McDonald et al.10) reported for the first time, a case of endocarditis involving the normal mitral and aortic valves in a patient with BD. These lesions were clinically silent, and were found during autopsy. Histologic examination of these valves showed mononuclear infiltration with a few polymorphonuclear leukocytes and no fibrin deposits. Madanat et al.6) reported a case of BD and endocarditis with left atrial thrombosis mimicking myxoma. Postoperative pathologic examination revealed yellowish valvulitis involving the mitral valve leaflet with deep ulcerations on the valve surface, covered by fibrinous and necrotic masses with a significant growth of granulation tissue. In other case reports of endocarditis in BD, several granulomas were found within the central portion of the vegetations and polymorphonuclear cells and lymphocytes infiltrated the small vessels near the vegetations.7) In our case, the pathologic examination showed vegetations, consisting of fibrinoid necrotic material, granulation tissue, and inflammatory cells, which were predominantly mononuclear cells. Small arteries and arterioles in the subintimal area showed irregular thickening of the wall. Evidence of active vasculitis was not seen in the excised tissues. These pathologic findings are consistent with those of previous reports. Therefore, TS was caused due to valvulitis as a possible sequelae of endocarditis in BD.

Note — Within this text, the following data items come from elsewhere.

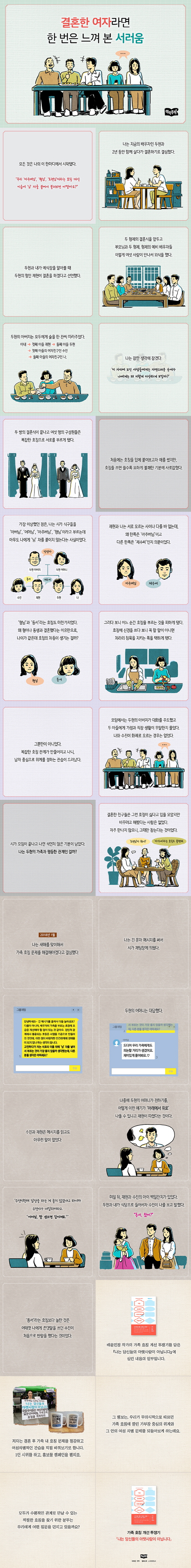 ÀÌ Ã¥ÀÇ ¼µÎ¿¡¼ ÀúÀÚ´Â ½ÃºÎ¸ð¿Í ¿¬¾Ö ½ÃÀýºÎÅÍ ¿À·£ ±â°£ ¾Ë¾Æ¿Ô°í ±×µé¿¡°Ô Ưº°È÷ ¾ÖÁ¤ÀÌ ÀÖ¾úÀ½À» °í¹éÇÑ´Ù. ±×·¯³ª ¡°°áÈ¥ ÈÄ ½Ã°¡ ¸ðÀÓÀÌ ³¡³ª°í ³ µÚ °¡½¿¼Ó¿¡ ³²´Â ¼®¿¬Ä¡ ¾ÊÀº ±âºÐÀ» °ö¾Ã°Ô µÇ¸é¼ °áÈ¥ Àü°ú ´Þ¶óÁø °ÍÀÌ ¹«¾ùÀÎÁö »ý°¢ÇÑ´Ù. °¡Á· ±¸¼º¿øÀÌ ´Ã¾î³ª°í º¹ÀâÇÑ È£Äª °ü°è°¡ ¸¸µé¾îÁö°í ³ª´Ï, ³²ÀÚ¸¦ Áß½ÉÀ¸·Î °¡Á· ±¸¼º¿øµéÀÇ À§°è¸¦ Á¤ÇÏ´Â °ü½ÀÀÌ ¶Ñ·ÇÇÏ°Ô µå·¯³µ´Ù. °áÈ¥ Àü ÀúÀÚ°¡ µÎÇöÀÇ ºÎ¸ð´ÔÀ» ¡®¾î¸Ó´Ô¡¯°ú ¡®¾Æ¹ö´Ô¡¯À̶ó°í ºÎ¸¦ ¶§ ÀåÀ¯À¯¼ÀÇ °ü½À¸¸À» ÀǽÄÇß´Ù¸é, ¡®¾ÆÁÖ¹ö´Ô-Á¦¼ö¾¾¡¯¿Í ¡®Çü´Ô-µ¿¼¡¯ ȣĪ¿¡¼ ´À³¤ °ÍÀº ¹è¿ìÀÚ¿¡°Ô Á¾¼ÓµÈ Á¸Àç·Î Àü¶ôÇß´Ù´Â °¨Á¤ÀÌ´Ù. ½Ã°¡ ¸ðÀÓ¿¡¼ ¿ÀÁ÷ ³²Æí°ú °ü·ÃµÈ À̾߱⸸ ÇÏ°Ô µÇ´Â °æÇâµµ, ³²ÆíÀÇ ³ªÀ̸¦ ±âÁØÀ¸·Î ±¸¼º¿øµé°úÀÇ °ü°è°¡ Á¤ÇØÁö´Â ºÎ°è Áß½ÉÀûÀÎ Áú¼¿Í ¹«°üÇÏÁö ¾Ê´Ù¡±°í ¸»ÇÑ´Ù.(29ÂÊ)
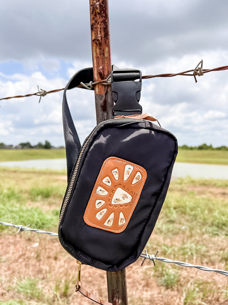 Experience the perfect blend of tradition and style with the McIntire Saddlery Belt Bag. Each bag features a hand-tooled and painted leather patch, ensuring a unique piece that reflects the rich heritage of Western craftsmanship. The adjustable strap with a secure buckle allows you to wear it in various ways, while the zippered closure on the back keeps your essentials safe and accessible. Inside, mesh pockets provide organization and visibility for your belongings. Infused with Western flair, these belt bags add a touch of rustic elegance to any outfit.
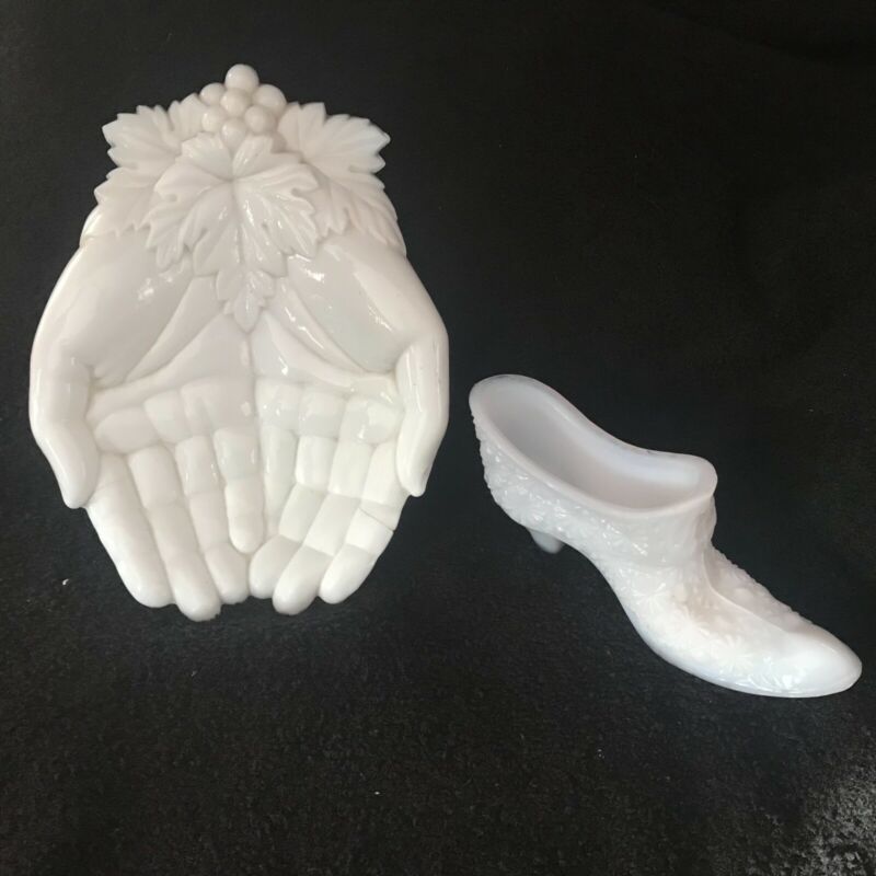 Title (ebay affiliate link): VINTAGE LOT 2 PIECES MILK GLASS HANDS AND SHOE ONE TRANSLUCENT GLASS
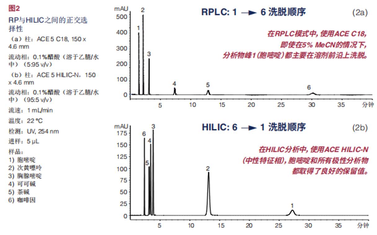 比較直觀的表現兩者的不同,疏水化合物在反相C18上的保留順序與Hilic模式下剛好相反。
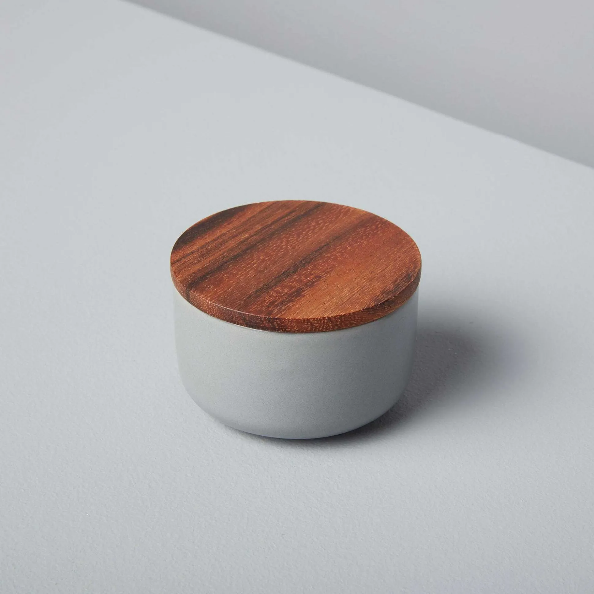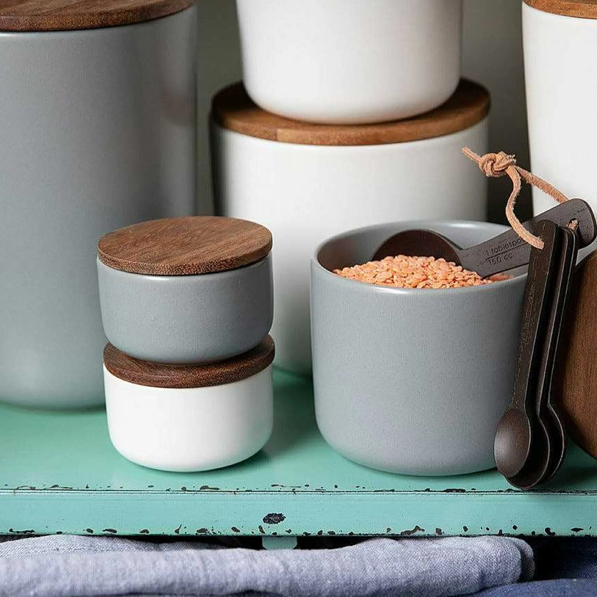 Store your goods in style with these small stoneware canisters, accented with an Acacia wood lid to keep your items fresh. Compact stoneware pieces are perfect as a feature in your kitchen, keeping anything from pasta and grains to your favorite sweet snacks, even fuzzy cotton balls in the bathroom.

As in this case, the cardiac lesions in BD might progress insidiously in the absence of concurrent signs or symptoms of BD, or they were even diagnosed at autopsy.10)11) Therefore, it might be difficult to detect endocarditis in the early stage. These findings suggest that screening for cardiac involvement is required for early detection of endocarditis or other heart diseases in patients with BD.